I can’t say that it was borne out of a desire to stick it to Hitler, but during the war years in America (and to some extent England) wearing lipstick was seen as women’s patriotic duty. Women were expected to look beautiful, so the men fighting abroad had something to dream of. That meant lipstick, and it was almost always red. "Auxiliary Red" — as you might expect, a bright red lipstick — was advertised as "the lipstick for servicewomen." Other brands like "Fighting Red — A Brave New Lipstick Color" or "Emblem Red" followed shortly.

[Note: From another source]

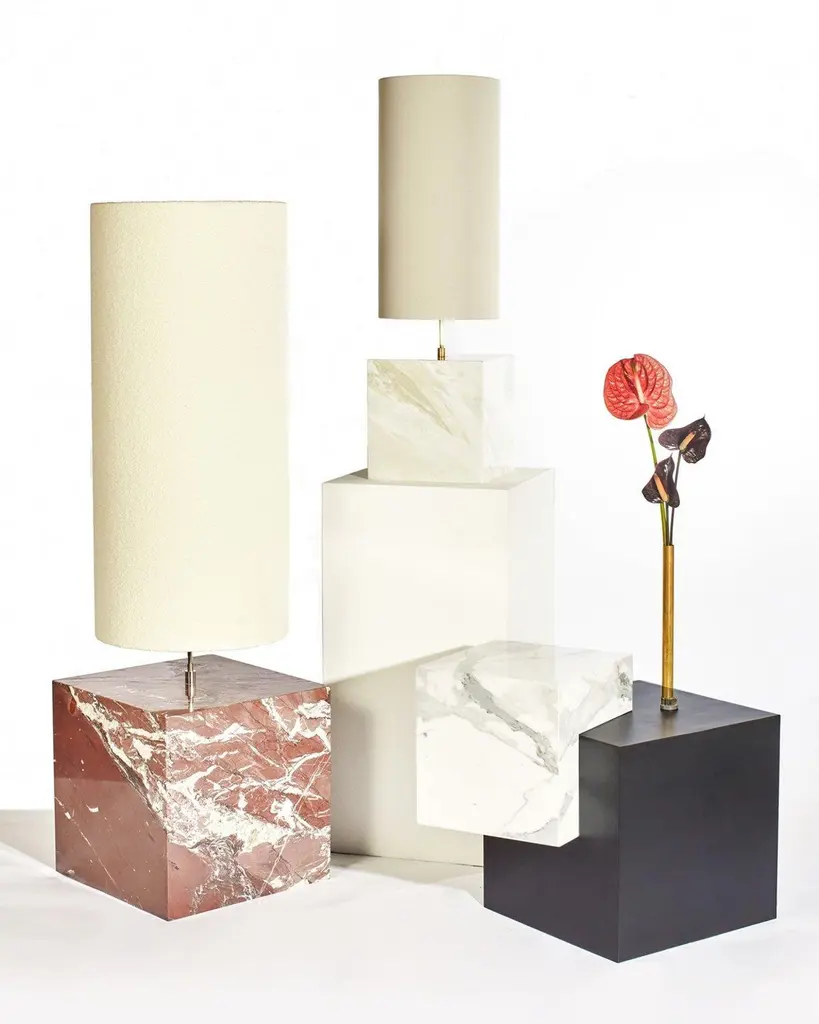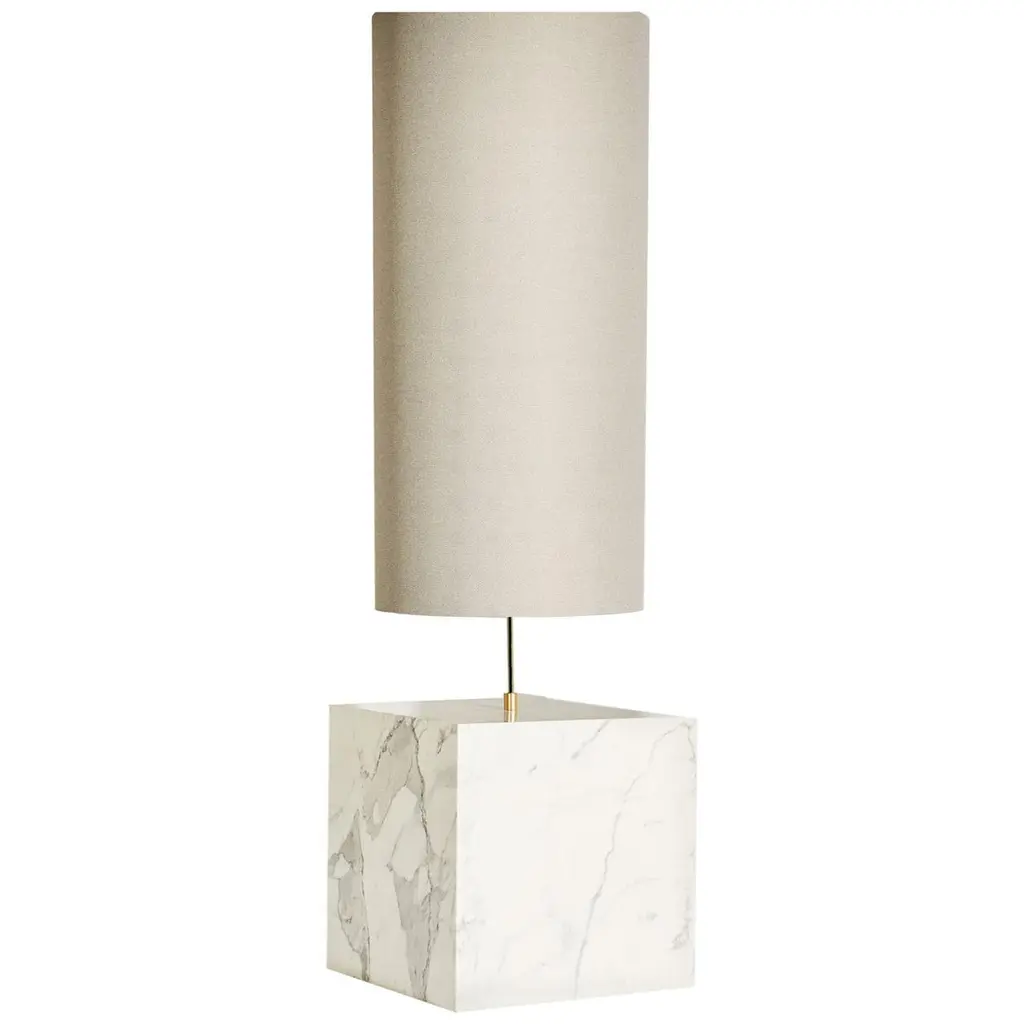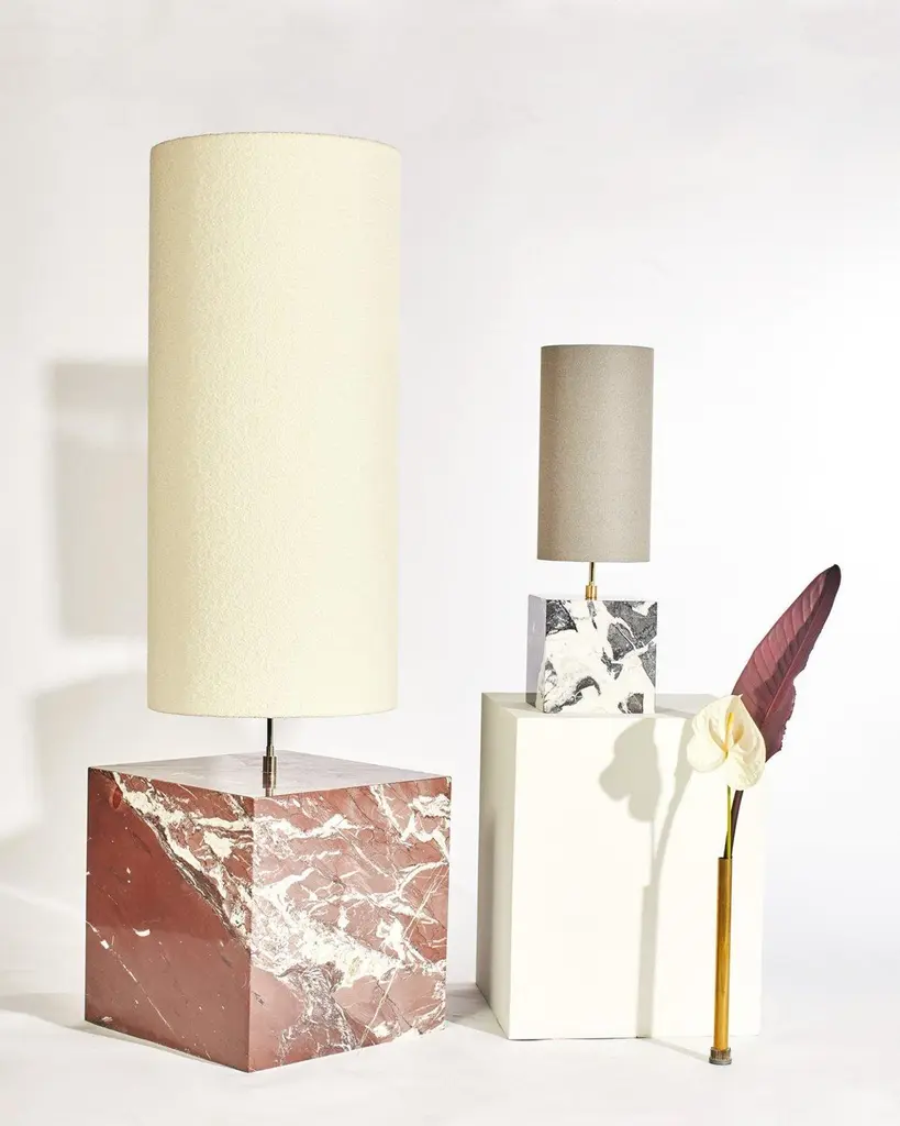The Coexist floor lamp consists of a marble cube base and a lampshade made from boucle fabric.The special lamp serves as a sculptural centerpiece for any room, emitting a soft warm light to draw the viewer into the materials. The bold geometry of the cube base unites with the soft curves of the lampshade to create a harmonious contemporary piece that plays with the simplicity of these primitive shapes. The handcrafted marble base is created from remnants of marble, salvaging odd sizes, and broken slabs for new uses. The Coexist floor lamp is the outcome of a thoughtful design procedure that gives a new lifecycle to exquisite materials in a bold and unique way. This piece is designed and manufactured locally in New York City.This piece can be customized concerning marble options.

All of this meant that by the 1950’s, red lipstick had become a standard at a time when 98% of American women wore lipstick (for perspective, only 96% brushed their teeth). Only the names for lipstick changed, from ones about fighting the good fight to ones like "Love that Red!" or "Royalty Red." It became the ultimate emblem of not rebellion, but of femininity. Ads showing ladies applying their red lipstick encouraged women to "take time out for beauty" — just like Marilyn Monroe, Rita Hayworth and Elizabeth Taylor, who were all fans of the shade.

So, it only took about 4,950 years for red lipstick to become entirely socially acceptable. It might be bit of an overstatement to talk about how it’s something that "shows confidence" and "dares you to live up to it," but it’s still a rare item that can appeal to sex symbols, patriots and feminists.